図書館から借りてきた、高山宏『目の中の劇場』読了。面白かったのか何なのか、よくわからなかった。本書を楽しむには、自分は知識も頭脳も足りないことはわかった。例えばこんな文章がある。

…同じ[ヘンリー・]ジェイムズは短篇「密林の中の野獣」(一九〇三)でも、迷宮存在たるわれわれが、世界‐迷宮の中心房で「恐怖」とともに見い出す空無を主題化していて、メルヴィル『白鯨』からフォークナー『アブサロム、アブサロム』(一九三六)へつながる迷宮内実存の原房にみいだされる意味のゼロ度を描く文学を、世紀初頭に媒介していた。(p.216-217)

この文だが、構造としては「ジェイムズは…文学を…媒介していた」となるのだと思うけれども、自分には何を言っているのかさっぱりわからない。著者のことは、 文学通とみなされている多くの人が称揚しているが、彼らはこういうのがわかるのだろうな。また、こんなのも。

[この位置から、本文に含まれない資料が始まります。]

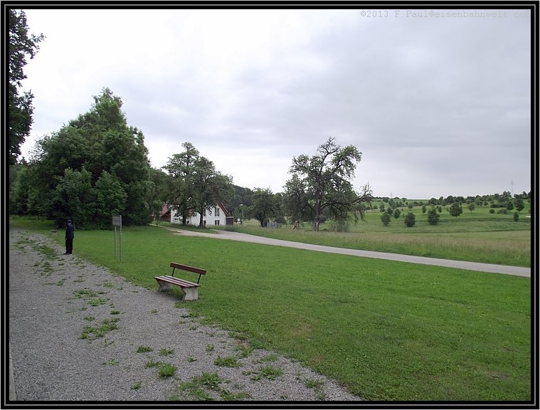 Ein Fußweg führt von der Talsohle zur Bahnstrecke hinauf. Allerdings soll sich hier eigentlich kein Bahnhof befunden haben. |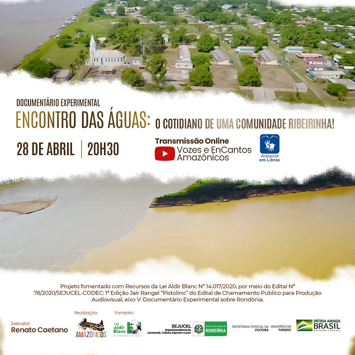 Nesta quarta-feira, 28, às 20h30, será lançado virtualmente o documentário experimental “Encontro das águas: o cotidiano de uma comunidade ribeirinha”. Para o idealizador do projeto, professor e produtor cultural Renato Fernando Caetano, o documentário é uma forma de valorização sociocultural dessa comunidade tradicional, que possui saberes e práticas específicas que precisam ser fortalecidas e registradas.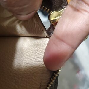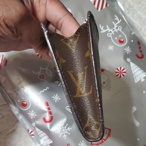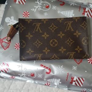 Stylish Louis Vuitton pouch with classic monogram. Rich brown with gold accents.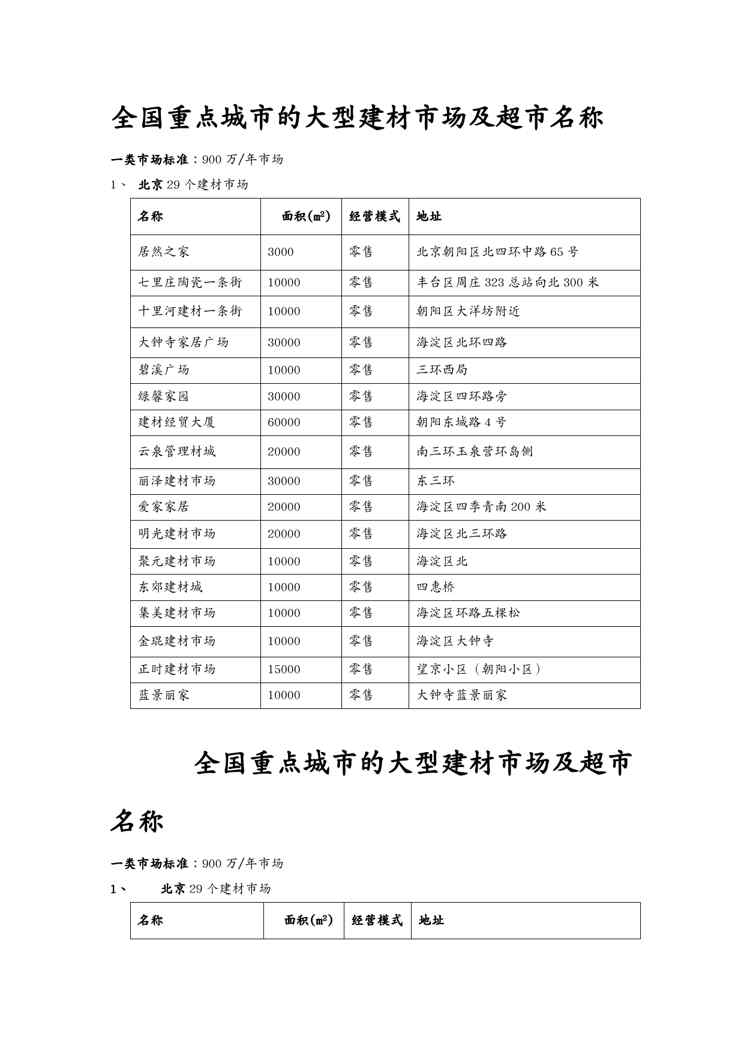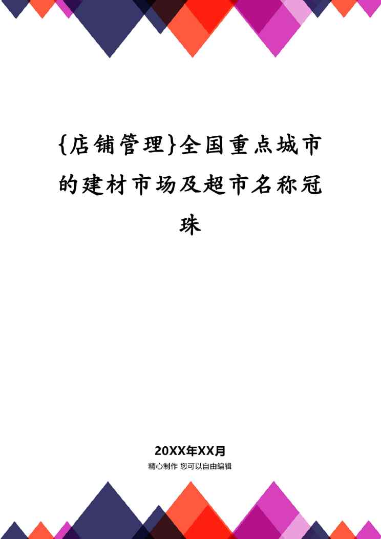 不久前,最新文档《{店铺管理}全国重点城市的建材市场及超市名称冠珠》全文正式在本站发布,感兴趣的用户可以下载阅读。 声明:本站所有文章,如无特殊说明或标注,均为本站原创发布。任何个人或组织,在未征得本站同意时,禁止复制、盗用、采集、发布本站内容到任何网站、书籍等各类媒体平台。如若本站内容侵犯了原著者的合法权益,可联系我们进行处理。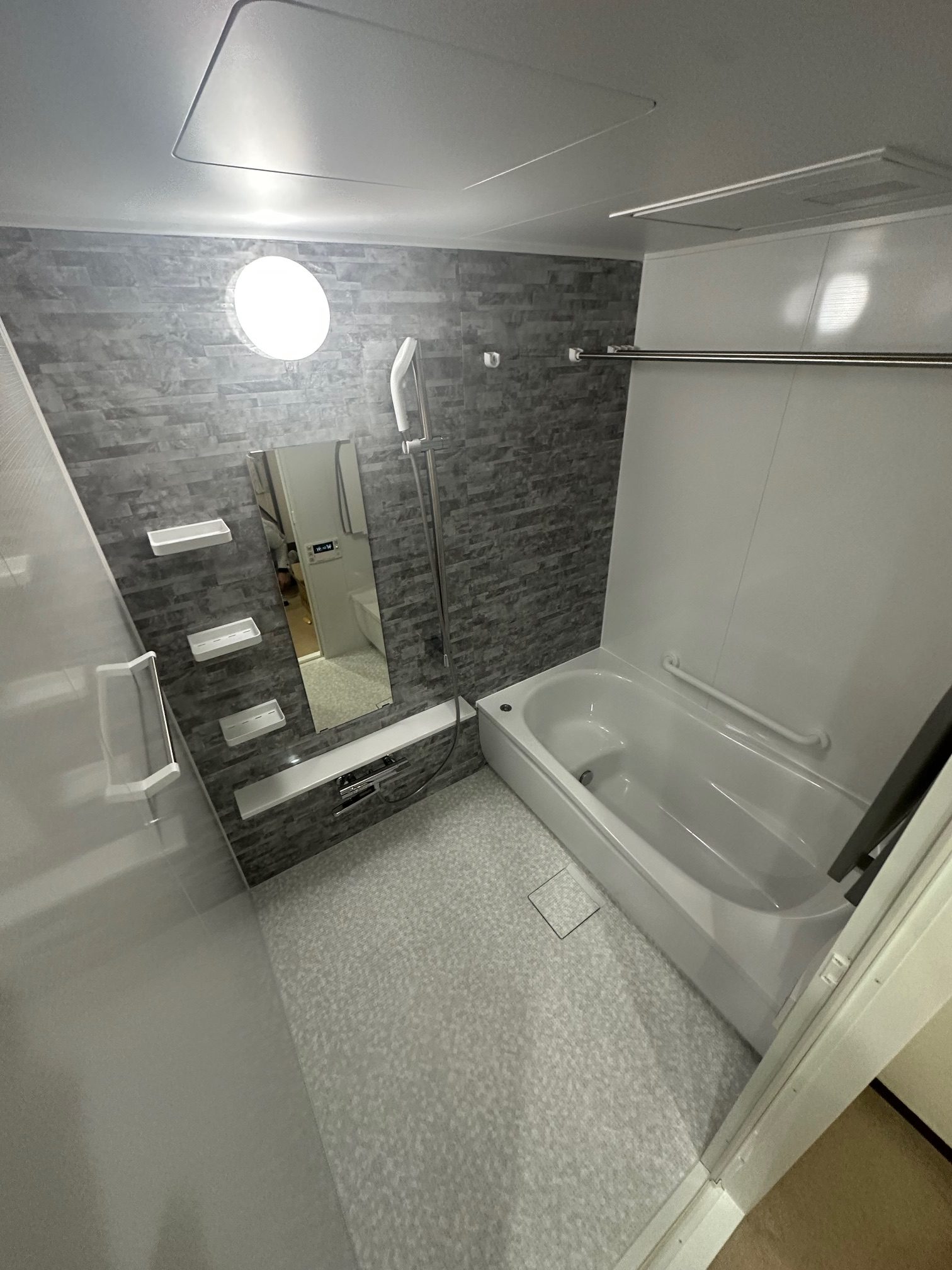| 工事詳細 | 浴室改修工事 ・周辺パネル:プリエホワイト ・アクセントパネル:ノルディグレーウッド ・浴槽:ゆるリラ浴槽(ホワイト) ・カウンター:ホワイト ・床:ほっカラリ床(ホライトグレー ラグ調) ・換気扇:浴室換気暖房乾燥機 |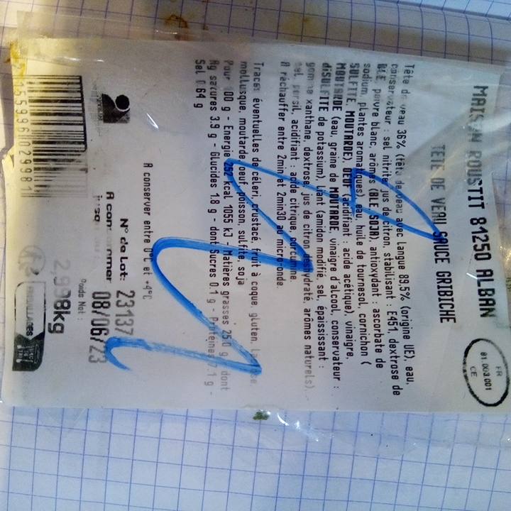 - TETE DE VEAU SAUCE GRIBICHE - rayon coupe
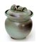 Vasetto in terracotta smaltata in grigio e verde con coperchio. Italia, anni...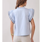 Ruffle Layered Flutter Sleeves Contrast Piping Top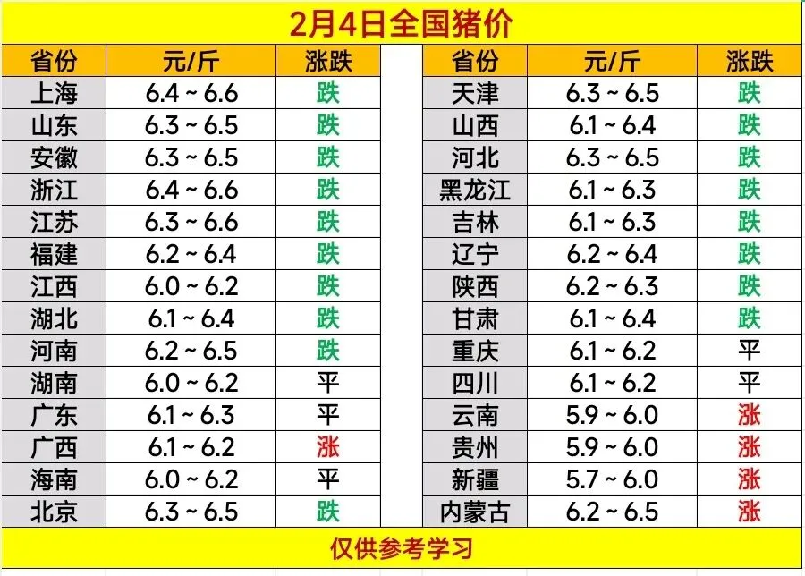 2026.2.4——明日猪价预测 养羊网 2026-02-04 2026.2.4——明日猪价预测 养羊网 2026-02-04 上一篇:【明日猪价】2月4日全国猪价下跌为主! 下一篇:【超前猪价】2月5-2月7日 猪价!全国猪价大预测 您可能还会对下面的文章感兴趣111: 相关文章 2025年4月13日全国各地生猪价格信息 你们为不弄黑五的鸡蛋和大米! 43°9,赤峰本地人都爱去的羊火锅点单攻略?? 低价卖羊山羊胡羊小羊羊肉 巢湖散兵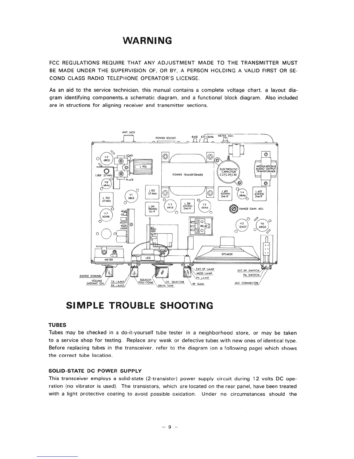 Robyn T-240D - Service Technician Warning; Simple Troubleshooting Guide; Tube and Power Supply Issues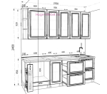 - Длина кухни: 235 см с учетом модуля для встраиваемой плиты 60 см;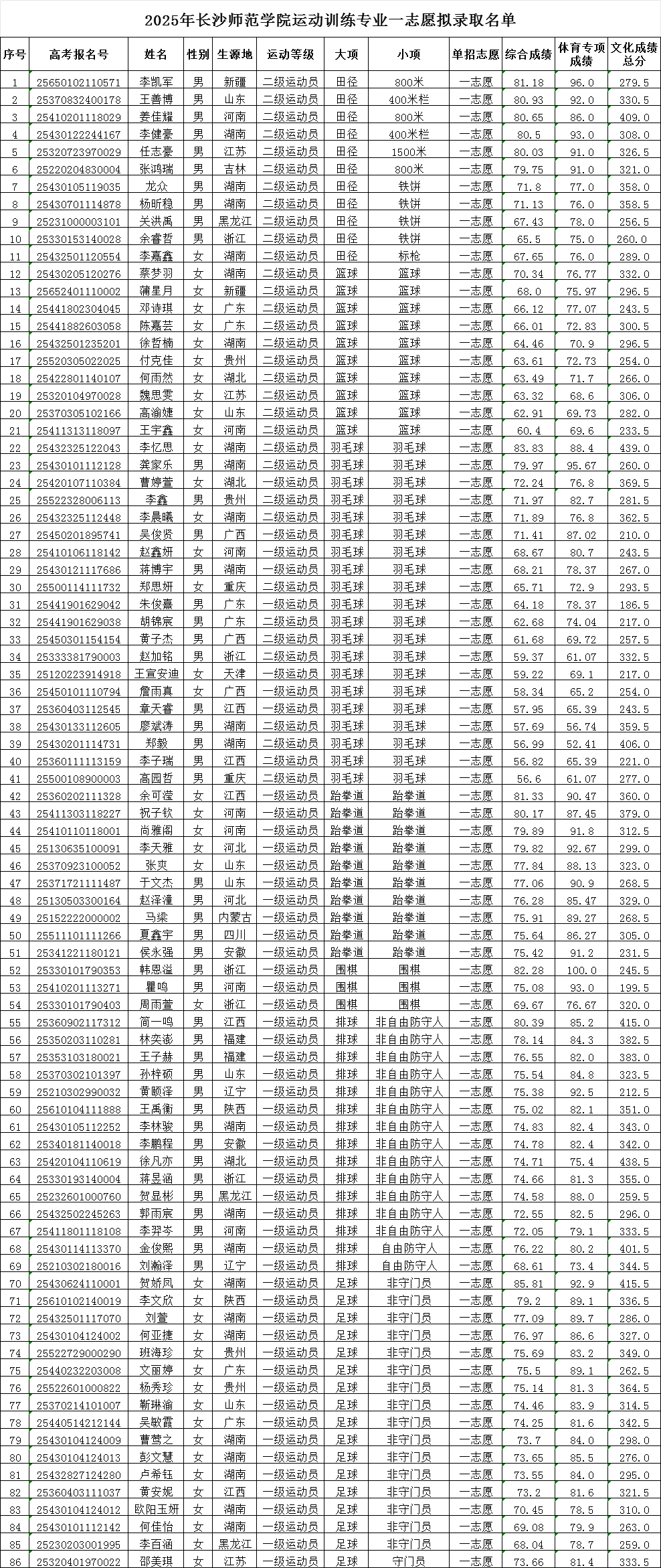 根据《2025年普通高等学校运动训练、武术与民族传统体育专业招生管理办法》(体科字﹝2024﹞256号)和《长沙师范学院2025年运动训练专业招生简章》等文件规定,现将2025年运动训练专业一志愿拟录取名单(见附表)进行公示,公示时间:2025年5月23日-5月29日,如对公示名单有异议,请在公示期内实名反映问题,逾期不予受理。正式录取名单以教育部、国家体育总局及各省招生考试机构审核通过为准。

そのたくらみへの猜疑ないし破壊工作の只中から、迷宮内[一字傍点]実存としての自己の状況へエゴとエクリチュール巻き込まれてある[強調原文]メセクシスμἑθεξις状況へ向けての、ミメーシスの静態の<突破>から、われわれの時代の迷宮文学が生れ落ちたその経緯[ルビ:ゆくたて]…は、これはいくらでも面白く語れそうだし… (p.246)

だいたい、無知を晒すが、「メテクシス」(「メセクシス」という語は、ぐぐっても出てこないので、これであろう。θεの読みは、普通「テ」である)というギリシア語らしい語の意味がわからない。調べるとどうも「分与」とかそんな意味らしいが、これも博識の人は知っているのだろうな。また著者は、ピクチャレスクという英語を「絵のような」と訳す人間を罵倒するくらい語にはうるさいが、「独擅場」を「独壇場」と書き誤っている(p.232)のは、弘法も筆の誤りというものであろうか。
 とにかく著者は徹底したペダントで、自分の実力ではついていくのが大変である。まあ自分は権威主義者でもあるので、図書館にあったもう一冊の高山宏も、借りて読んでみようと思っている。

目の中の劇場―アリス狩り

目の中の劇場―アリス狩り


今日は今ひとついい読書ができなかったな。もっとポジティヴに語りたいのに。